BEGIN Study material

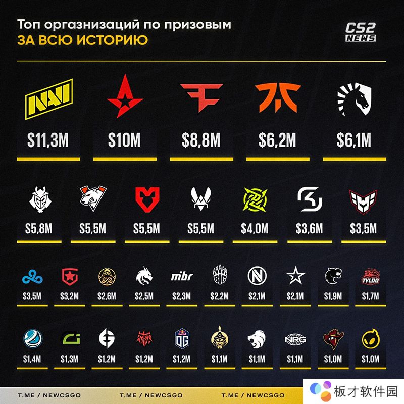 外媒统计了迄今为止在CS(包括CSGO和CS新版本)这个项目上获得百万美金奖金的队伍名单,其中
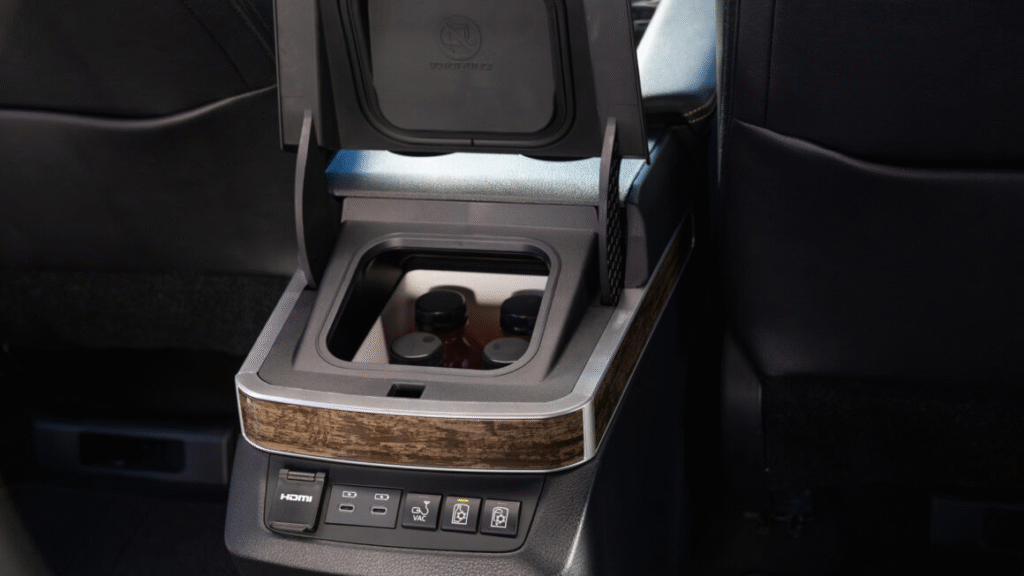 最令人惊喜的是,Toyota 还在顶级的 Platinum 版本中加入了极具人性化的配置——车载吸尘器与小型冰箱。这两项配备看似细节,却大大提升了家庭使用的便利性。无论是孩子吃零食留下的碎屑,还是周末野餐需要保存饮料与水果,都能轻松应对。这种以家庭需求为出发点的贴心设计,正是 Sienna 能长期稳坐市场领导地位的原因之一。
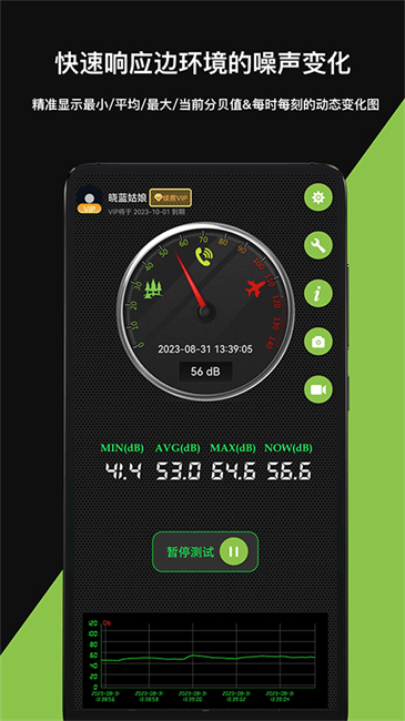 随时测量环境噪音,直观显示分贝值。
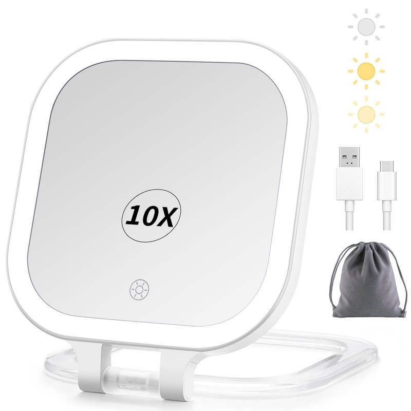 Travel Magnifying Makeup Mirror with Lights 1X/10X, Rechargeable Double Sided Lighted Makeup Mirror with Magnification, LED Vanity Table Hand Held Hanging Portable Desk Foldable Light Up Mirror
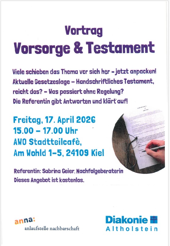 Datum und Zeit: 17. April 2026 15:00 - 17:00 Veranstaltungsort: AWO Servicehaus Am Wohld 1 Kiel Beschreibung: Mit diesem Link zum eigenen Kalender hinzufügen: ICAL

END Study material

In the data above, retype only the stretch from the line with "随时测量环境噪音,直观显示分贝值。" through the line with "Travel Magnifying Makeup", word for word, and skip any pictures.

 随时测量环境噪音,直观显示分贝值。
 Travel Magnifying Makeup Mirror with Lights 1X/10X, Rechargeable Double Sided Lighted Makeup Mirror with Magnification, LED Vanity Table Hand Held Hanging Portable Desk Foldable Light Up Mirror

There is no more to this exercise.